This study investigates methanol formation activity on sheet-like H⁺-ferrierite (Nano-FER) compared to commercial ferrierite (Com-FER), and examines Al distribution, Cu locations, and N₂O binding using in situ diffuse reflectance infra-red spectroscopy (DRIFTS), nuclear magnetic resonance (NMR) and density functional theory (DFT) analyses.

XRD analysis of Nano-H⁺-FER and Com-H⁺-FER reveals characteristic diffraction peaks of the FER-type zeolite, whose crystal structure is orthorhombic and belongs to the Immm space group. The relative XRD intensity values of Nano-H⁺-FER on the (200), (020), and (101) planes indicate enhanced crystal growth in the [010] direction, along with reduced thickness in the [100] direction. Hence, the crystals grow predominantly in the bc plane, which reduces the concentration of straight 10MR channels (Fig. 1a and b). This orientation is further confirmed by TEM analysis of Nano-H⁺-FER, which shows a measured d-spacing of 0.94 nm (Fig. S2d, ESI†), consistent with the (200) plane d-spacing and indicative of crystal alignment along the bc plane.²⁴ SEM analysis showed that the thickness of the nano-sheets ranged from approximately 40 to 60 nm (Fig. 1c), while TEM imaging revealed that individual sheets can be as thin as ∼10 nm (Fig. S2, ESI†). Com-FER crystals exhibit more uniform crystal lengths in all three directions, with sizes varying between 500 nm and 1 μm (Fig. 1d).

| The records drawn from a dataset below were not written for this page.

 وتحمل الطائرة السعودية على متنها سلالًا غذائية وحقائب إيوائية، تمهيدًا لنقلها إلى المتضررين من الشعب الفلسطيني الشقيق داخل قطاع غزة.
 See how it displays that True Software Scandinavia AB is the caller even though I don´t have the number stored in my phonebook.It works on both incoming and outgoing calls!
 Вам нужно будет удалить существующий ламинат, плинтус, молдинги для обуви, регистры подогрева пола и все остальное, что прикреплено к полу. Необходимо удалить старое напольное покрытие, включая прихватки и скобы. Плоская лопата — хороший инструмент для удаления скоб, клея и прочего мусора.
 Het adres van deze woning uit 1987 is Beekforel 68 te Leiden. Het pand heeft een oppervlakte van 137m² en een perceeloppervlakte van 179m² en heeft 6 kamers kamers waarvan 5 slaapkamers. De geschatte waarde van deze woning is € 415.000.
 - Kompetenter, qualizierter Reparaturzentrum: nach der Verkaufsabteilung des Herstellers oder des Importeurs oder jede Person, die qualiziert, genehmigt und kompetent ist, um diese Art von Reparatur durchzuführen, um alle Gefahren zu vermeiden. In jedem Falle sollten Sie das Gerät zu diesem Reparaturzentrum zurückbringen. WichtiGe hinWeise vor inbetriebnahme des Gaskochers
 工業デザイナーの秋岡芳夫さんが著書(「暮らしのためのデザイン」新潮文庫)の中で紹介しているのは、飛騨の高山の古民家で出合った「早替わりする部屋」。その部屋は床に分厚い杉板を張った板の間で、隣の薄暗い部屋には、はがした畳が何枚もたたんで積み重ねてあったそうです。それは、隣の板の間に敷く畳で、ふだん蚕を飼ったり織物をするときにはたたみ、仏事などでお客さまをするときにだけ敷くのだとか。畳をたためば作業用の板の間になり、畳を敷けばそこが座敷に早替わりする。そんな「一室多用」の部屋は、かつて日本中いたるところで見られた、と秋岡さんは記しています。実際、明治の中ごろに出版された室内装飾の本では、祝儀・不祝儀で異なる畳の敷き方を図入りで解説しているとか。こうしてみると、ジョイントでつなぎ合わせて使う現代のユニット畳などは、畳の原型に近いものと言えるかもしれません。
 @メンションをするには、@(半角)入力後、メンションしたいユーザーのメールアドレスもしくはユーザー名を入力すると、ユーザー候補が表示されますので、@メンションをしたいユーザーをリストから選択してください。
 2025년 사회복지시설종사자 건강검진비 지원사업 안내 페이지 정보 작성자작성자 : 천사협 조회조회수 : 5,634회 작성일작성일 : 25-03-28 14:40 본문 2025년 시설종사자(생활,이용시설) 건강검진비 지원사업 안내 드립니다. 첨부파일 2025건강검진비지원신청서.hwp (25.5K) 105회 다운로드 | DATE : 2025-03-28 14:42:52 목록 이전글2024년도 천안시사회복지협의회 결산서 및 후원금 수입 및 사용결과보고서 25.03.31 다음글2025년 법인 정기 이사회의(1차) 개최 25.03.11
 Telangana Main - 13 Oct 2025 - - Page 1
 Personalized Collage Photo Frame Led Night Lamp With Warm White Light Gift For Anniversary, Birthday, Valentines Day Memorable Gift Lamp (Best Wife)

The ²⁷Al MAS NMR spectra of Com-NH₄⁺-FER showed that only 2% of Al atoms were in octahedral coordination (Fig. S3, ESI†). Among the tetrahedrally coordinated Al atoms, 53% were located at the T4 site (56–58 ppm²⁵), and 21% at the T3 site (55 ppm, Fig. 1e). In contrast, Nano-H⁺-FER exhibited 13% extra-framework Al (octahedrally coordinated), attributed to NH₄⁺-exchange and subsequent heat treatment (Fig. S3c, ESI†). Of the tetrahedrally coordinated Al atoms, 82% were located at the T4 site and 14% at the T3 site (Fig. 1e and Table S1, ESI†).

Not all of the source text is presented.